Coding is so un-natural for the human being. I have very often so high procrastination level to simply open and review the code again. It’s incredible! Probably the main reason of this phenomenon is that developer would need to stress the brain to remember the code and literally ‘place’ the code into the brain! It is like to build a house inside your brain. speakom Visualizing the structure of your work, putting those functions to specific building blocks, starting to go through those functions from start to end and checking the outcomes of every module… A simple thought that this process will need to be repeated is bringing procrastination. Probably this procrastination level will exponentially increase according to the time of last code review!

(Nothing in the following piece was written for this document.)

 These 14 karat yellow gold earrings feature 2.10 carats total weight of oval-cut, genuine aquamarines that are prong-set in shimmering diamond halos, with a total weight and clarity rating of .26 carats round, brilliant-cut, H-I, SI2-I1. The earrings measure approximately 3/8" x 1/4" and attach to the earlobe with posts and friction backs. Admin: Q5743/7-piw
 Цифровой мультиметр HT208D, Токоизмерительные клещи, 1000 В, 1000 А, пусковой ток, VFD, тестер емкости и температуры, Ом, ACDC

Those are few tips one can use to ‘step over’ and ‘enter’ out of comfort zone:

Plan sufficient time for code review

Code review may take anything from few minutes or few hours. It might be very advisable to find a complete free day and focus on this work. Perhaps Saturday or Sunday morning may do the trick best. Knowing that there will be sufficient time to slowly start and having a chance to finish the job will help to take decision and finally sit to start your work

Watch a good movie a day before

Switch your mind day before presumed work. Watch a nice movie that would move your mind completely away from coding. However two conditions. Let it be a story from start to end of approximately 2 hours. Find a movie you would like but chose from those not hard for the brain. Just make sure that it would be an interesting story but not something that would seed a message or influence your thoughts for too long time!

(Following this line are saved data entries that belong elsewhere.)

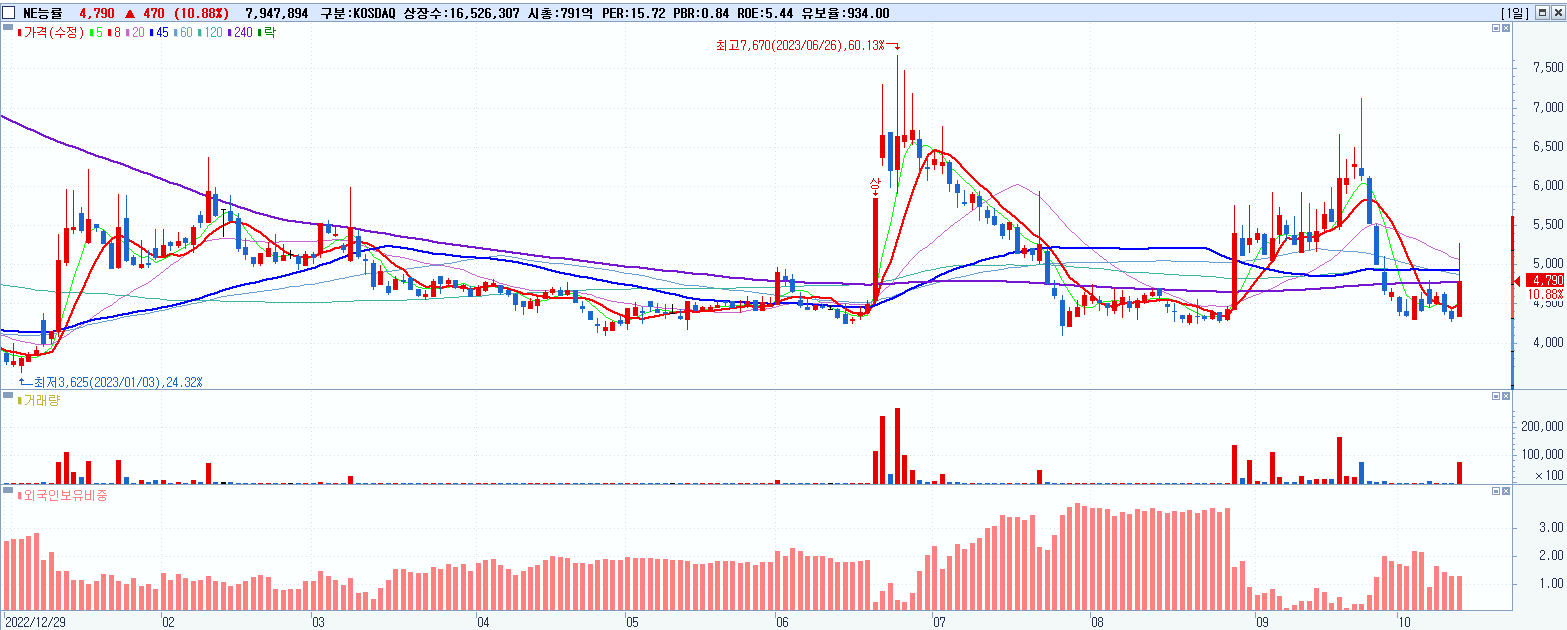 - NE능률 (4,790원 ▲ 10.88% , 시총: 792억, 거래량: 7,948,095, 거래대금:392억)
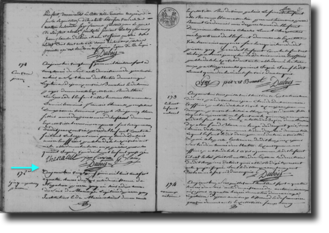 Il y a un seul document pour cet aïeul qui est l’acte de naissance du fils légitime de Pierre Guy, Instituteur, marié à Marie Chanel.
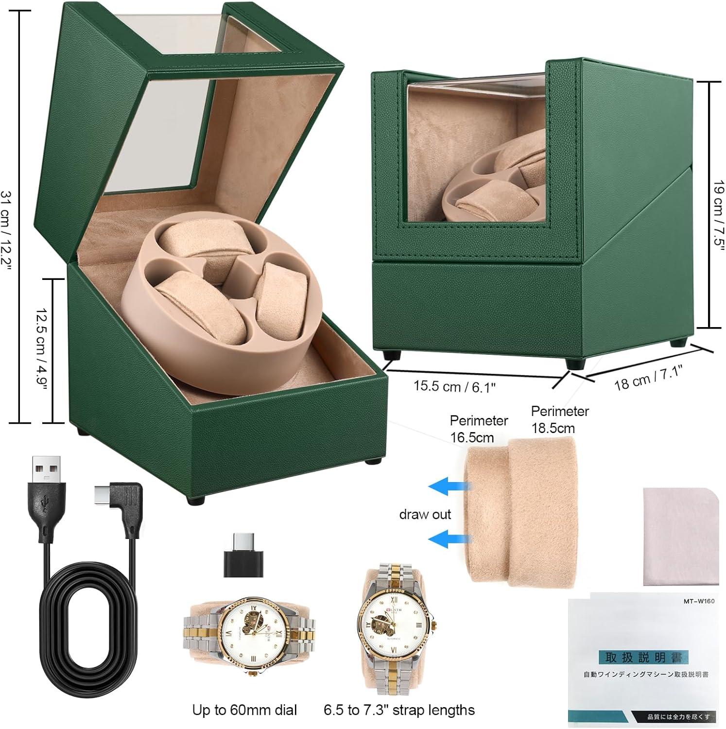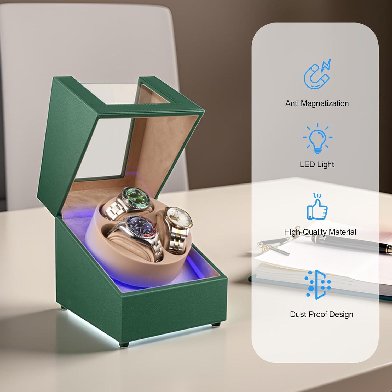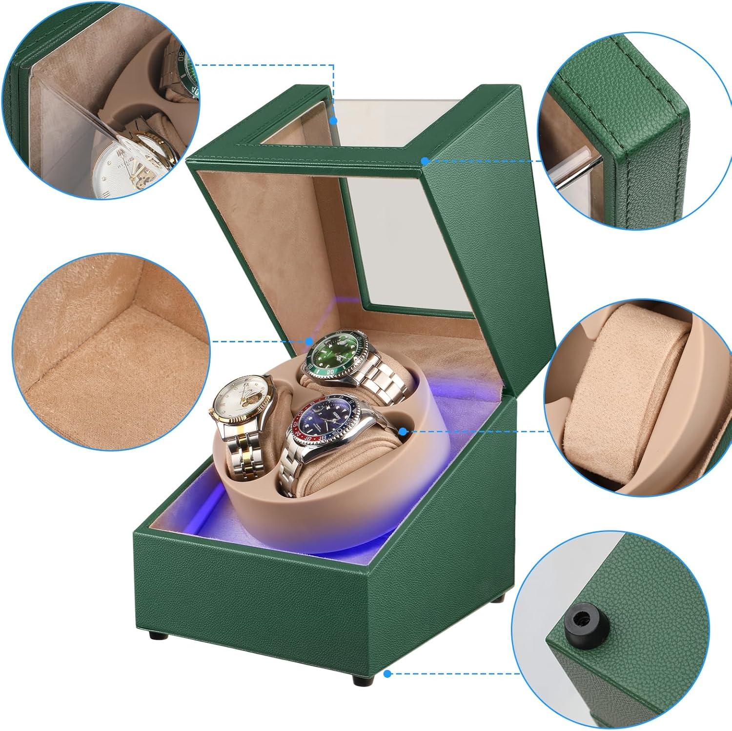 Automatic Watch Winder box with LED and 4 Modes, 3 Watch Winder Super Quiet Mabuchi Motor with USB Type C, Watch Rotator for Man Women

Motivate yourself with potential reward!

Say to yourself those positive things before you start:

  • ‘I will find that mistake that will make my project better’
  • ‘It would be a great achievement later on’
  • ‘I am on the right track’
  • ‘I will learn more new things because I will be experimenting’

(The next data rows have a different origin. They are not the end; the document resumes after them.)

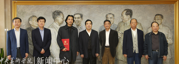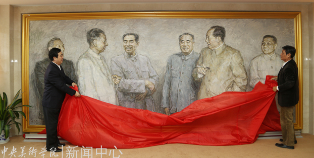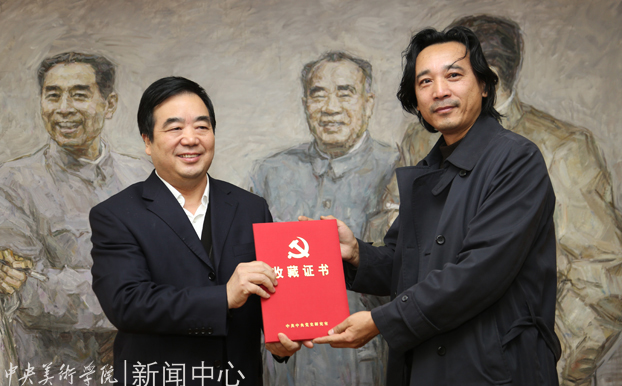 10月16日上午,由我院国家主题性美术创作研究中心副主任、附中副校长马刚副教授创作的大型油画作品《以毛泽东为核心的第一代中央领导集体》捐赠仪式在中央党史研究室举行。中央党史研究室主任欧阳淞、我院党委书记杨力等出席并为作品揭幕。欧阳淞主任向马刚副教授颁发了收藏证书。
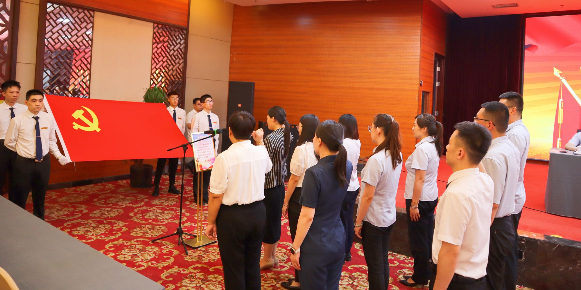 會議在雄壯激昂的國歌聲中拉開帷幕。會上,舉行了新發(fā)展黨員入黨宣誓儀式。集團黨委副書記、紀委書記王姣帶領(lǐng)集團新發(fā)展的9名黨員面向黨旗莊嚴宣誓。
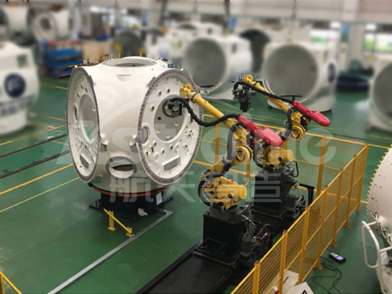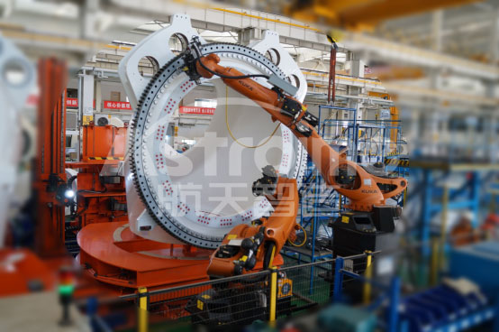 航天智造研制的液壓扳手機器人智能螺栓緊固系統(tǒng),可滿足風電輪轂和風電底座的螺栓裝配的精度和工藝數(shù)據(jù)提取分析,提升生產(chǎn)效率40%以上,解決風機由于螺栓緊固數(shù)據(jù)穩(wěn)定性質(zhì)量百分之百合格全檢數(shù)據(jù)記錄分析,同時可以在訂單負荷大的時候實現(xiàn)生產(chǎn)作業(yè)全天候進行,徹底做到了解放人力,提高生產(chǎn)效率,為穩(wěn)定產(chǎn)品質(zhì)量提供了強有力的支撐。

Just start, review code from scratch!

Enter ‘out-of-comfort-zone’ by starting reviewing the code from scratch. This will help to recover the ‘building blocks’ in your brain ‘operative memory’. In case your code is more complex and use functions follow the next advise

Keep data samples, commented code in functions, notes…

Keeping code in functions is probably the right approach, however it may be painful to debug them. There are three simple strategies that could be used:

  • simply write notes in the code
  • insert ‘Roxygen scheleton’ and write description of each argument
  • always add commented code within your function to ‘back-test’ the code step by step within the function

Some of these tips could obviously be used for simple R scripts as well

Refresh your mind

Developer brain is like CPU! It needs two essential things:

  • energy
  • cooling

So make sure to start your work after having light breakfast or snack rich in carbohydrates. Cup of coffee or tea with a bit of a chocolate is something that will work. When the attention is lower the energy portion may be renewed. Drinking more water and some short physical exercise can help too.

Obviously cooling is something not to forget about. Taking a refreshing shower before start can be a good choice

Data cleaning - once again… Making things Visual

I heard from one colleague that there are not only two things certain in live but three!

  • taxes
  • death
  • and bad data…

Some typical examples:

Zero values

In several courses from the Lazy Trading series data is retrieved from MT4 platform by running a for loop. Technically there might be empty database and few particular data points will contain zero values. The best way is to always allow these cases however sometimes it’s not possible. In case we could suspect to have them using this filter function may help to remove those:

... %>% filter_all(any_vars(. != 0))

In some cases those zero values may cause additional problems…

Outliers

Here is the example of such a case where data outliers on the label were detected:

speakom

and here is how it should like:

speakom

So use these simple functions like summary(DataFrame) and hist(DataFrame$ColumnName) to identify problem.

Don’t forget what you do, keep it as live test with logs!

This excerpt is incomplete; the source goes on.